HOW TO COMPLETE THIS TASK. The data below is to be written out exactly, with no pictures.

━━ SUPPLIED RECORDS ━━

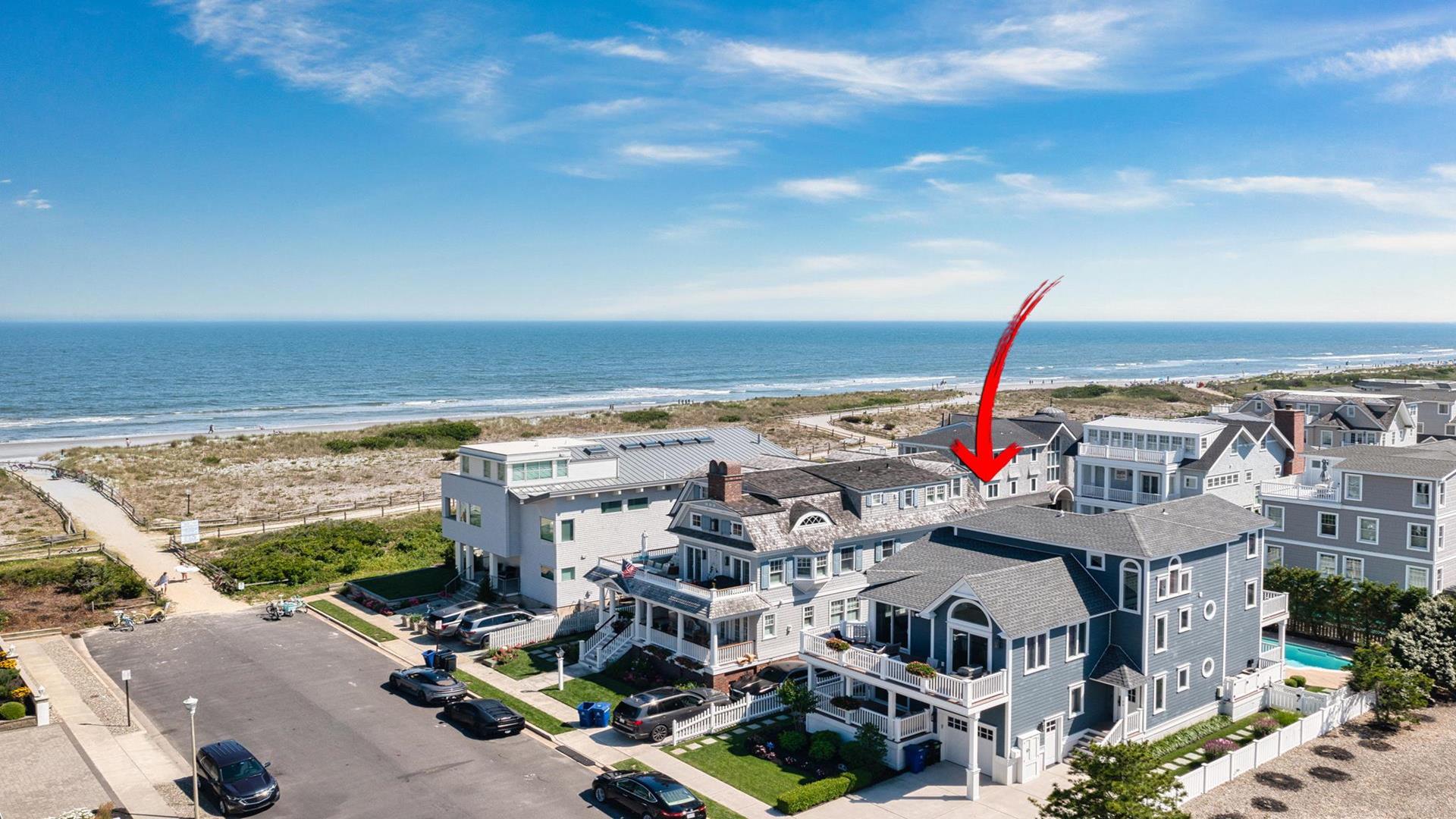 Newly renovated, this beautiful home just THIRD BACK on one of the nicest Beach Blocks in Avalon. Underground utilities, beautiful homes, and offering fabulous ocean views! This south side of the street location has an over-sized swimming pool with full southern exposure built under past pool setback rules which allowed larger pools. This special home is spacious providing three stories, 5 bedrooms, and an expansive open great room perfect for entertaining. The first level is comprised of three large bedrooms, two full bathrooms, a laundry room (with a full sized refrigerator and ice maker) and a fourth bedroom that is currently set up as a first floor family room with sofa bed. The family room has slider access to the rear, covered deck, which walks down to the southern exposed backyard. The second floor entertaining space includes huge front and rear decks with plenty of seating options, all with wide spanning views of the ocean. A screened in, exterior dining area on the east side of the home offers an intimate setting right off of the kitchen, great for dining or game playing. The designer furnished entertaining space is beautifully furnished, great ocean views, distributed audio and vaulted ceilings, which add drama to the space. The kitchen features quality appliances and a large center island with soapstone counters. The rear of the second floor offers a large, junior suite with private bath. The entire third floor is dedicated to the master suite and features some of the best views in the home. The home offers ample exterior entertaining areas such as a first floor covered porch, 2 second floor sun decks, a screened porch and a sun deck off the master in addition to the ample deck area around the pool. The street-scape on 13th Street is simply beautiful. The home is just steps to the beach! A storage garage on the front of the home allows for plenty of room to store your beach equipment and bikes.
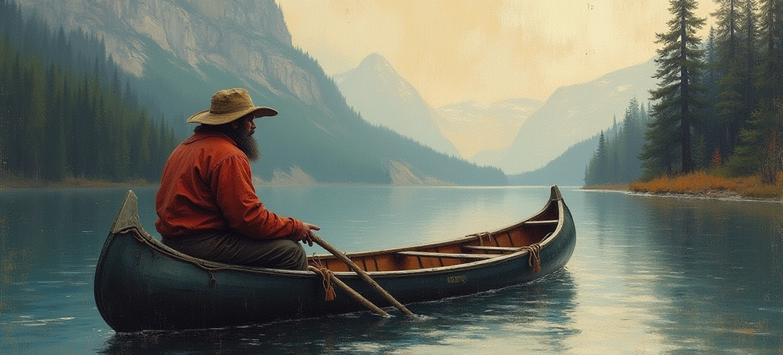 Op een koude dag duwde ik mijn kano behoedzaam tussen de ijsschotsen door. Plotseling hoorde ik, net om de hoek van een uitstekende landtong, zware stappen door het water gaan. Ze klonken zo luid en ritmisch dat ik zeker wist dat er een eland liep. Met mijn geweer in de ene hand en mijn peddel in de andere gleed ik langzaam de bocht door.
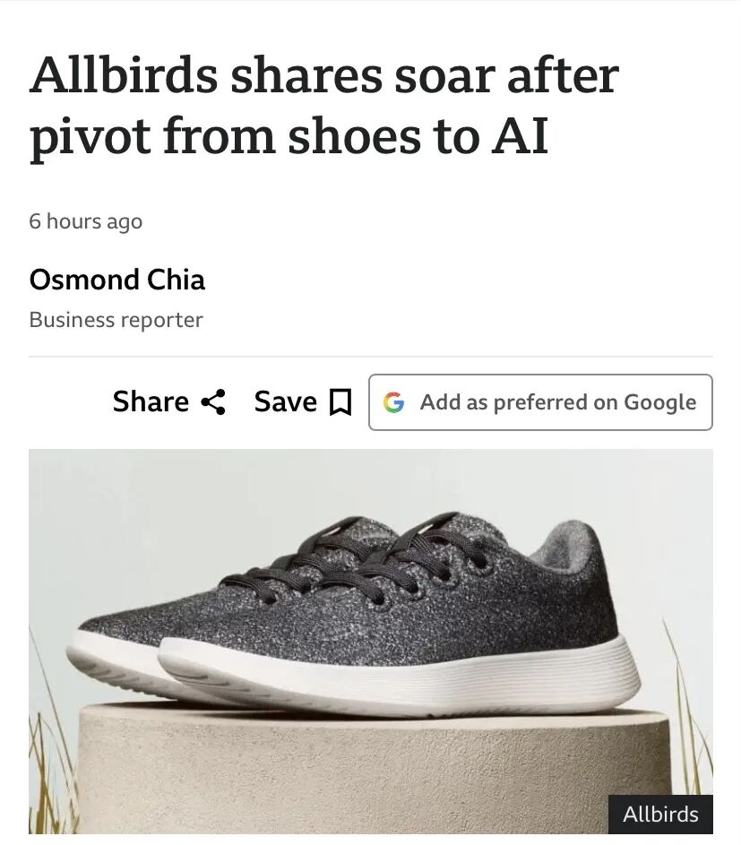 Allbirds更名NewBird AI:硅谷网红鞋企转型AI引股价暴涨,背后是技术泡沫的轮回?
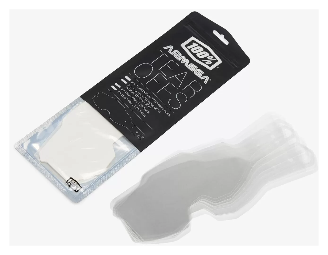 Tear-off films for the 100% Armega Goggles with the Forecast Fog System installed. All films are laminated and available in standard versions or with a perimeter seal.Â
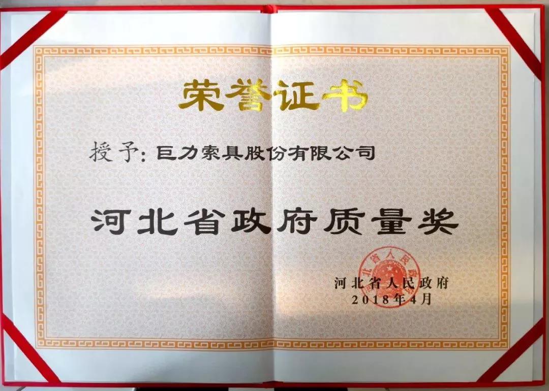 巨力索具榮獲河北省政府質量獎——再次證明實力
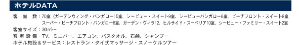 パクメン港からホテル専用ボートで20分程走させると見えてくる、小さな孤島が『ガイ島』。島まるごとがリゾートになっていて、約5km程続く白い砂浜、目の前に広がる美しい海とカラフルな素晴らしい珊瑚礁。まさにガイ島は自然の宝庫、そして楽園リゾートといえる。リゾート前のビーチへ横付されたボートを降り、手作り・木製のファンタシーリゾートのエント ランスをくぐると、自然と調合した可愛らしいわらぶき屋根の全独立型のシービュー・バンガローが点在する。客室内からは、海が眺望でき、白を基調に上手にまとめられていて、居心地良い。以前レストランのみだった施設が、2005年にはラグジュアリータイプの客室の増設やスパがオープンして、ますます利用しやすくなった。騒音を逃れた大人のリゾートとしての魅力は見逃せない。
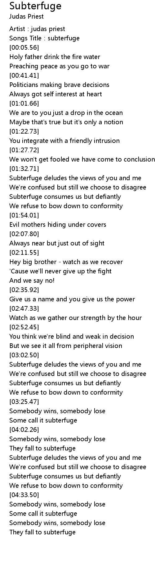 | [04:13.12] | Subterfuge deludes the views of you and me |
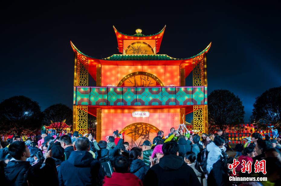 1月22日晚,2025貴陽觀山湖燈會廟市在貴州省貴陽市觀山湖公園亮燈,吸引眾多市民前來觀賞。圖為貴陽觀山湖燈會廟市現(xiàn)場,市民參與燈會互動活動。中新社記者 唐哲 攝
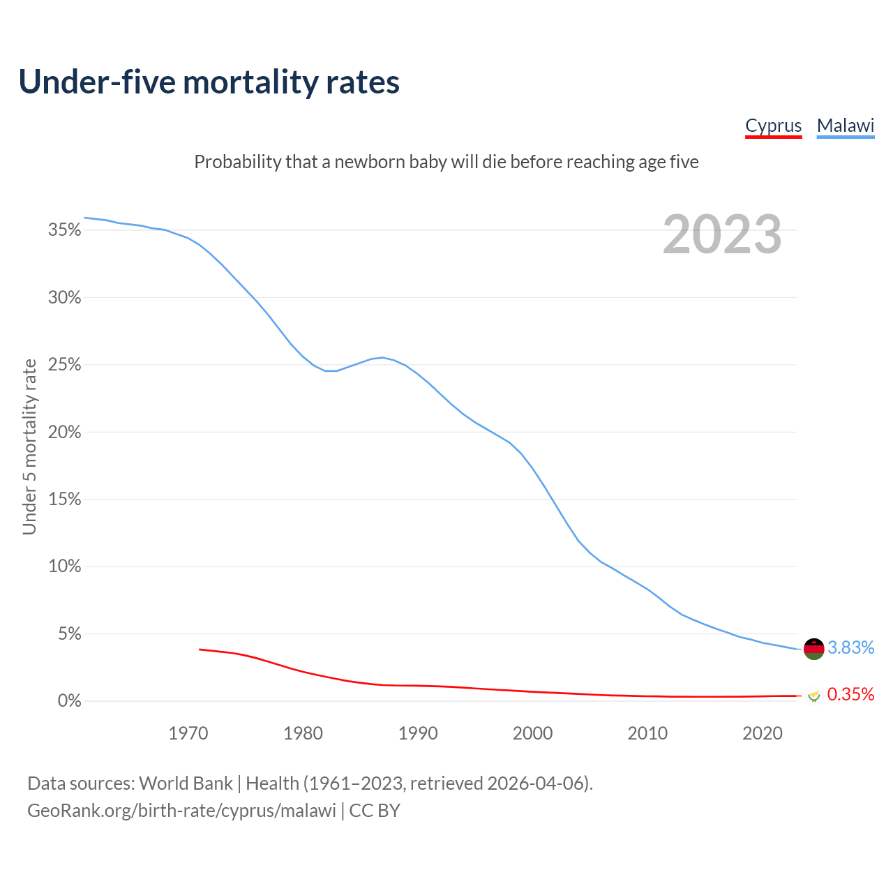 The chance that a newborn baby will die before reaching age five is 0.35% in Cyprus and 3.83% in Malawi. Above is a chart with historical data on under-five mortality rates.
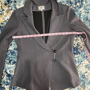 Vintage Armani designer blazer made in Italy. Unique snap button closure. Stretchy but structured - think like a sweatshirt blazer. Gray and black.
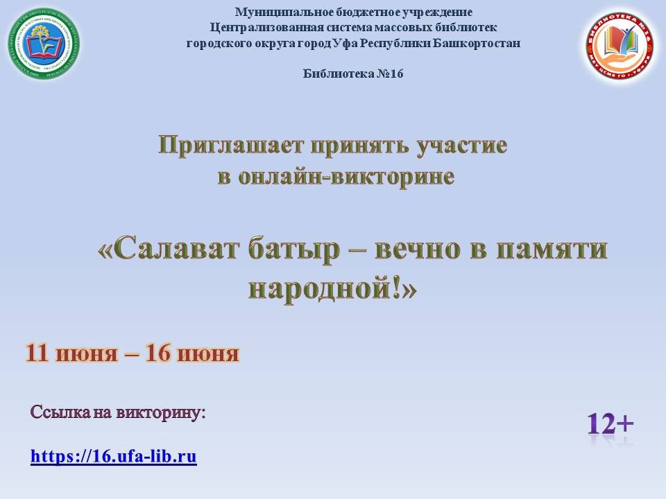 Библиотека № 16 МБУ Централизованной системы массовых библиотек ГО г. Уфа РБ проводит онлайн-викторину «Салават батыр - вечно в памяти народной!», посвященной Салавату Юлаеву.
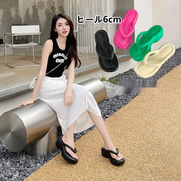ビーチサンダル 軽量 軽い 歩きやすい レジャー リゾート レディース 履きやすい 海 ビーチ カジュアル シンプル 素材 靴 厚底トングサンダル 柔らか 3.5センチヒール 夏 韓国ファッショ
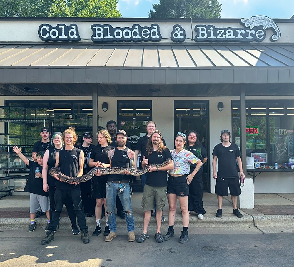 “We’re a reptile store. Our grand opening in 2019 was such an amazing promotion — so we decided to throw an annual party to celebrate our shop’s birthday. Free food is provided by local restaurants, and a keg comes from our friends at a local brewery. Throughout the day, we’ve had circus and sideshow performances, including a man who ate light bulbs and one of the world’s only female sword-swallowers. (We really wanted fire-breathing, but the fire marshal said no.) We frequently have big shop discounts, plus animals and activities for kids. It’s always a hit with our customers!” — Michael and Shay Edelen and Patrick Kamberos, owners of Cold Blooded & Bizarre, Charlotte, NC
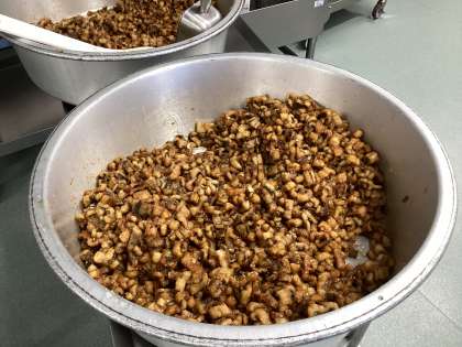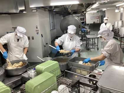 給食では、穴子のちらし寿司と桃のゼリーを作りました。
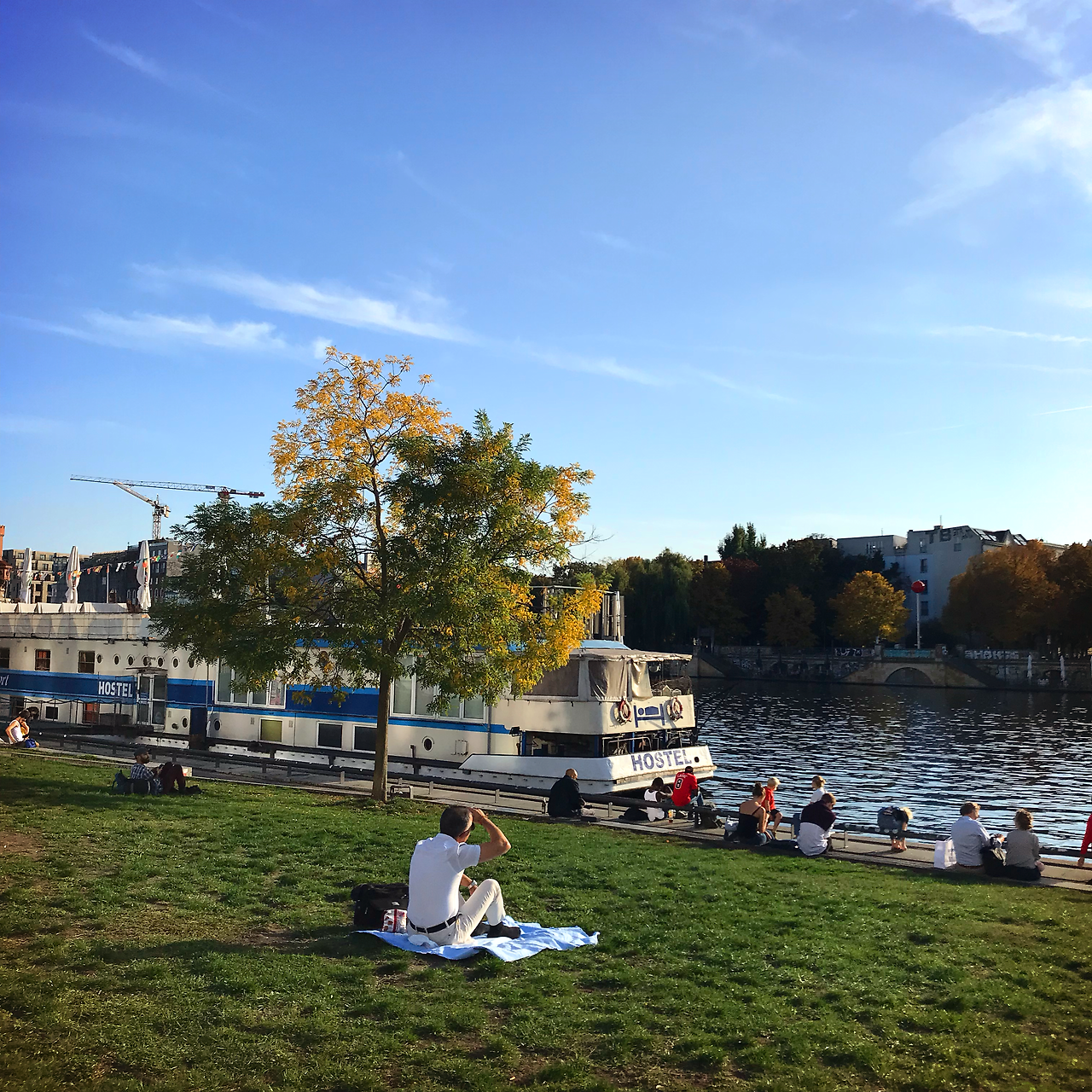 걷다가 강가에서 잠시 쉬었을 때 커다란 개 한마리와 함께 버스킹 하는 사내가 있었는데, 그가 The Rumineers의 Ho hey를 불러주어 기분이 좋았다. 그 때 라임(요즘 많이 보이는 전동 퀵보드로 공공자전거처럼 빌려서 쓴다.)을 탄 한 무리의 한국 젊은이들이 내 근처에 멈추어 서서 함께 버스킹을 구경하기도 하고 강가에 앉아 멍때리기도 하고 한다. 특이한 점은 그들이 모두 머리부터 발끝까지 완벽한 패션을 하고 있었다는 것, 블랙으로 드레스 코드를 맞추어 입고 있었다는 것, 주변에 마이크와 카메라를 든 사람들이 그들을 촬영하고 있었다는 것이었다. 그들 중 몇 명이 정말 나와 가까운 거리에서 함께 버스킹을 관람했기 때문에 그들을 찍던 카메라에 내가 나왔을 지도 모르겠다. 어쩌면 그들은 한국에서 온 아이돌 그룹일지도 모르겠다는 생각이 든다. 혹시 누군가 이걸 읽고 있다면, 베를린처럼 보이는 강변에서 자신의 아이돌이 화보 촬영을 했다거나 한다면 제게 좀 알려주시라. 난 지금까지도 그들의 정체가 궁금하다.

━━━

RESULT.
 Newly renovated, this beautiful home just THIRD BACK on one of the nicest Beach Blocks in Avalon. Underground utilities, beautiful homes, and offering fabulous ocean views! This south side of the street location has an over-sized swimming pool with full southern exposure built under past pool setback rules which allowed larger pools. This special home is spacious providing three stories, 5 bedrooms, and an expansive open great room perfect for entertaining. The first level is comprised of three large bedrooms, two full bathrooms, a laundry room (with a full sized refrigerator and ice maker) and a fourth bedroom that is currently set up as a first floor family room with sofa bed. The family room has slider access to the rear, covered deck, which walks down to the southern exposed backyard. The second floor entertaining space includes huge front and rear decks with plenty of seating options, all with wide spanning views of the ocean. A screened in, exterior dining area on the east side of the home offers an intimate setting right off of the kitchen, great for dining or game playing. The designer furnished entertaining space is beautifully furnished, great ocean views, distributed audio and vaulted ceilings, which add drama to the space. The kitchen features quality appliances and a large center island with soapstone counters. The rear of the second floor offers a large, junior suite with private bath. The entire third floor is dedicated to the master suite and features some of the best views in the home. The home offers ample exterior entertaining areas such as a first floor covered porch, 2 second floor sun decks, a screened porch and a sun deck off the master in addition to the ample deck area around the pool. The street-scape on 13th Street is simply beautiful. The home is just steps to the beach! A storage garage on the front of the home allows for plenty of room to store your beach equipment and bikes.
 Op een koude dag duwde ik mijn kano behoedzaam tussen de ijsschotsen door. Plotseling hoorde ik, net om de hoek van een uitstekende landtong, zware stappen door het water gaan. Ze klonken zo luid en ritmisch dat ik zeker wist dat er een eland liep. Met mijn geweer in de ene hand en mijn peddel in de andere gleed ik langzaam de bocht door.
 Allbirds更名NewBird AI:硅谷网红鞋企转型AI引股价暴涨,背后是技术泡沫的轮回?
 Tear-off films for the 100% Armega Goggles with the Forecast Fog System installed. All films are laminated and available in standard versions or with a perimeter seal.Â
 巨力索具榮獲河北省政府質量獎——再次證明實力
 パクメン港からホテル専用ボートで20分程走させると見えてくる、小さな孤島が『ガイ島』。島まるごとがリゾートになっていて、約5km程続く白い砂浜、目の前に広がる美しい海とカラフルな素晴らしい珊瑚礁。まさにガイ島は自然の宝庫、そして楽園リゾートといえる。リゾート前のビーチへ横付されたボートを降り、手作り・木製のファンタシーリゾートのエント ランスをくぐると、自然と調合した可愛らしいわらぶき屋根の全独立型のシービュー・バンガローが点在する。客室内からは、海が眺望でき、白を基調に上手にまとめられていて、居心地良い。以前レストランのみだった施設が、2005年にはラグジュアリータイプの客室の増設やスパがオープンして、ますます利用しやすくなった。騒音を逃れた大人のリゾートとしての魅力は見逃せない。
 | [04:13.12] | Subterfuge deludes the views of you and me |
 1月22日晚,2025貴陽觀山湖燈會廟市在貴州省貴陽市觀山湖公園亮燈,吸引眾多市民前來觀賞。圖為貴陽觀山湖燈會廟市現(xiàn)場,市民參與燈會互動活動。中新社記者 唐哲 攝
 The chance that a newborn baby will die before reaching age five is 0.35% in Cyprus and 3.83% in Malawi. Above is a chart with historical data on under-five mortality rates.
 Vintage Armani designer blazer made in Italy. Unique snap button closure. Stretchy but structured - think like a sweatshirt blazer. Gray and black.
 Библиотека № 16 МБУ Централизованной системы массовых библиотек ГО г. Уфа РБ проводит онлайн-викторину «Салават батыр - вечно в памяти народной!», посвященной Салавату Юлаеву.
ビーチサンダル 軽量 軽い 歩きやすい レジャー リゾート レディース 履きやすい 海 ビーチ カジュアル シンプル 素材 靴 厚底トングサンダル 柔らか 3.5センチヒール 夏 韓国ファッショ
 “We’re a reptile store. Our grand opening in 2019 was such an amazing promotion — so we decided to throw an annual party to celebrate our shop’s birthday. Free food is provided by local restaurants, and a keg comes from our friends at a local brewery. Throughout the day, we’ve had circus and sideshow performances, including a man who ate light bulbs and one of the world’s only female sword-swallowers. (We really wanted fire-breathing, but the fire marshal said no.) We frequently have big shop discounts, plus animals and activities for kids. It’s always a hit with our customers!” — Michael and Shay Edelen and Patrick Kamberos, owners of Cold Blooded & Bizarre, Charlotte, NC
 給食では、穴子のちらし寿司と桃のゼリーを作りました。
 걷다가 강가에서 잠시 쉬었을 때 커다란 개 한마리와 함께 버스킹 하는 사내가 있었는데, 그가 The Rumineers의 Ho hey를 불러주어 기분이 좋았다. 그 때 라임(요즘 많이 보이는 전동 퀵보드로 공공자전거처럼 빌려서 쓴다.)을 탄 한 무리의 한국 젊은이들이 내 근처에 멈추어 서서 함께 버스킹을 구경하기도 하고 강가에 앉아 멍때리기도 하고 한다. 특이한 점은 그들이 모두 머리부터 발끝까지 완벽한 패션을 하고 있었다는 것, 블랙으로 드레스 코드를 맞추어 입고 있었다는 것, 주변에 마이크와 카메라를 든 사람들이 그들을 촬영하고 있었다는 것이었다. 그들 중 몇 명이 정말 나와 가까운 거리에서 함께 버스킹을 관람했기 때문에 그들을 찍던 카메라에 내가 나왔을 지도 모르겠다. 어쩌면 그들은 한국에서 온 아이돌 그룹일지도 모르겠다는 생각이 든다. 혹시 누군가 이걸 읽고 있다면, 베를린처럼 보이는 강변에서 자신의 아이돌이 화보 촬영을 했다거나 한다면 제게 좀 알려주시라. 난 지금까지도 그들의 정체가 궁금하다.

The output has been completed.